Oh, and the door is FANTASTIC as well. I'd really like to do something similar as I have 2 doors on my front wall (entrance and closet.)

Thanks,
Cory

budk
08-24-11, 09:57 AM
Bud,

Your theater looks AMAZING! I LOVE the fabric look! LOVE it!

I would like to replicate this for my room. Could you tell me how you built the fabric panels? I understand the GOM fabric but what is it mounted on, is there padding, etc?

Oh, and the door is FANTASTIC as well. I'd really like to do something similar as I have 2 doors on my front wall (entrance and closet.)

Thanks,
Cory

Same construction as GPowers with the exception of mine having a french cleat built into them. The frames are made with 4 pieces of 1/2 MDF glued and brad nailed to 4 pieces of 7/16" plywood. The sides and bottom are all 1" wide but the top is 2" wide and then I ripped the plywood top piece on an angle to form the french cleat.
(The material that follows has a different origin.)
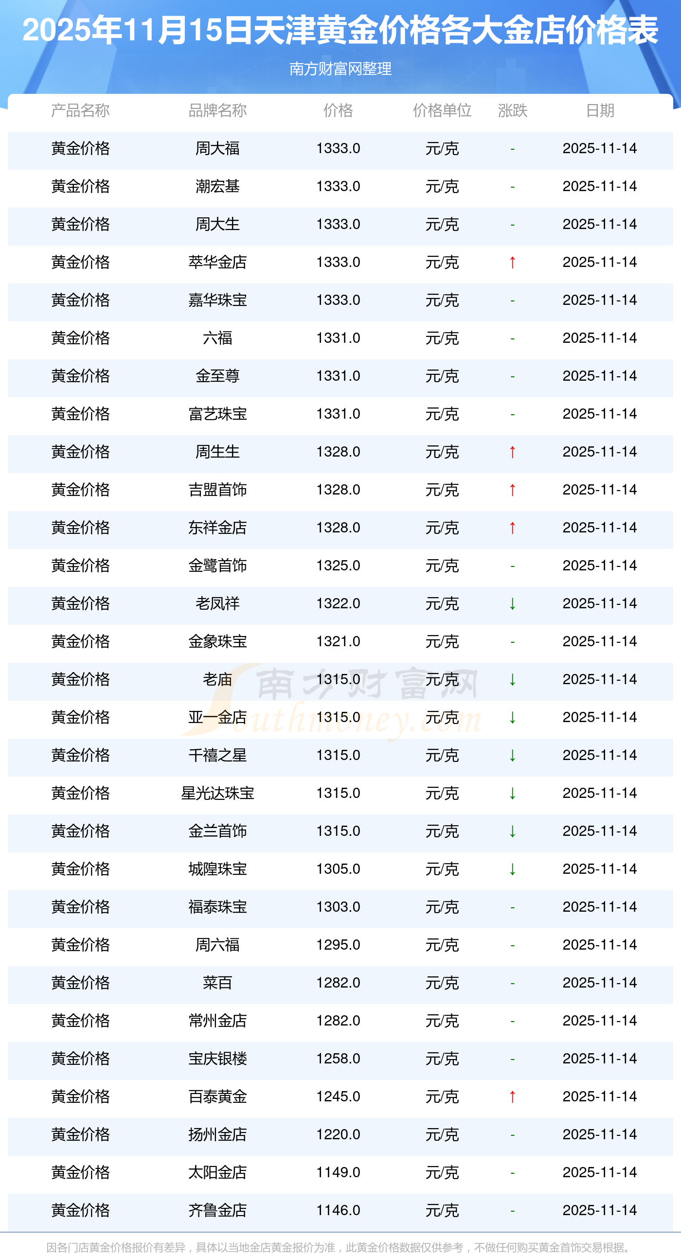 2025年11月15日天津各大金店黃金價格最新價格查詢來了:周大福1333.0元/克,周大福646.0元/克,周大福1333.0元/克,周大福46320.0,周大福18410.0,周大福41780.0,周大福1167.0元/克,老鳳祥1322.0元/克,老鳳祥600.0元/克,老鳳祥1322.0元/克,周六福1295.0元/克。
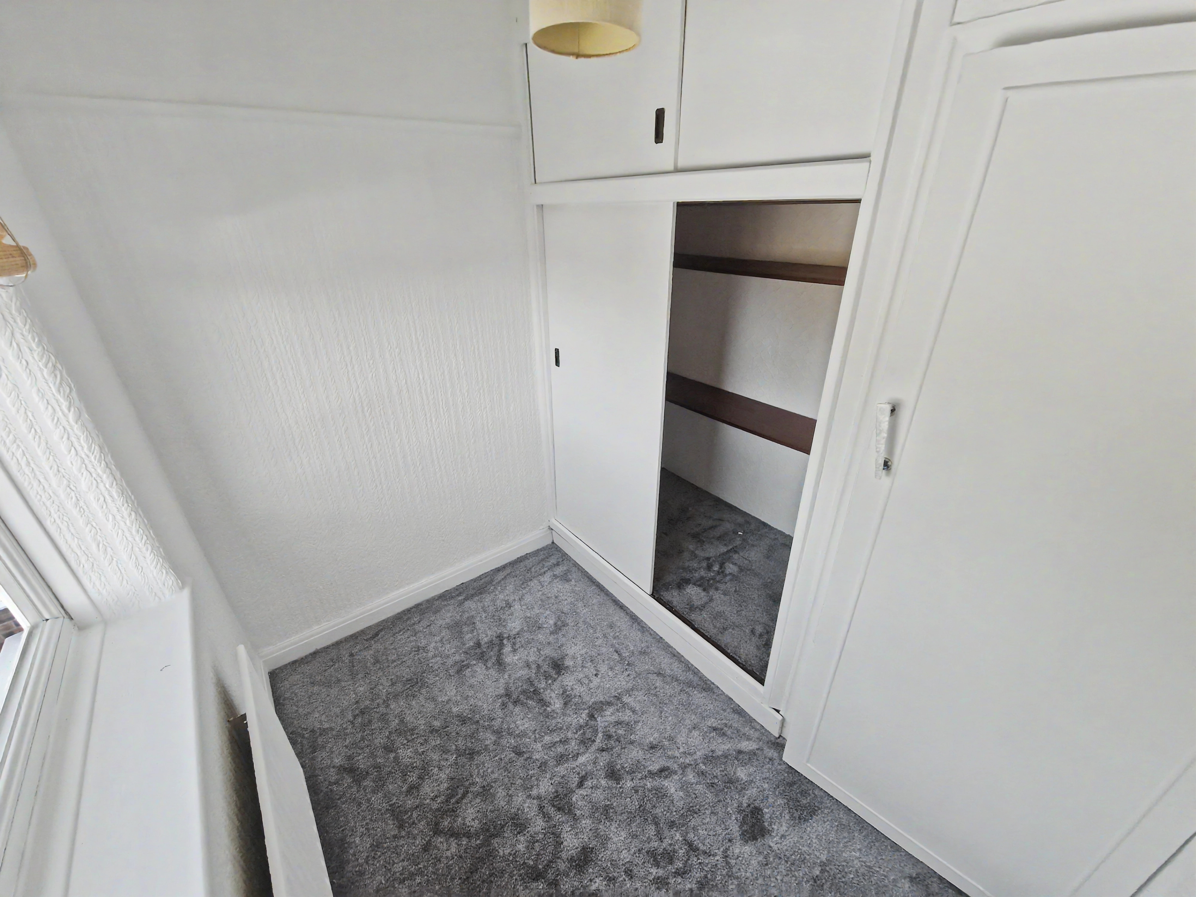 Upon entering, you are welcomed into a bright entrance hallway, freshly decorated and fitted with new carpets throughout, as well as a useful storage cupboard.

My wife and I setup a little assembly line and we ripped every piece first, then cut them to length, routed some most (but not all since some of the frames have a straight side when they are beside a column.) of the MDF to give it an angled edge, ripped the french cleats and then used a picture frame jig to square them up and glue and nail them together.... we did that times 64. The frames are filled with either 1" insulation or just 2 layers of 1/2" poly, depending on the location of the frame. I didn't want to use insulation everywhere as I was concerned about the room being to dead. I think I ended up with the lower half of the frames having insulation the upper half with the poly. Of course, my soffits have insulation on the bottom of them as well so there is a good bit of deadening going on... but nothing scientific... more of a gut attempt and I am happy with the results.

I'm not on this forum much now that my room is done... sorry for the delay in responding.

igl007
11-09-11, 11:42 AM
I am looking to do a counter also. My room is about the same length at 21'. I have a width of 12'4" though. Could you give me some details on how you built your counter and the dimentions?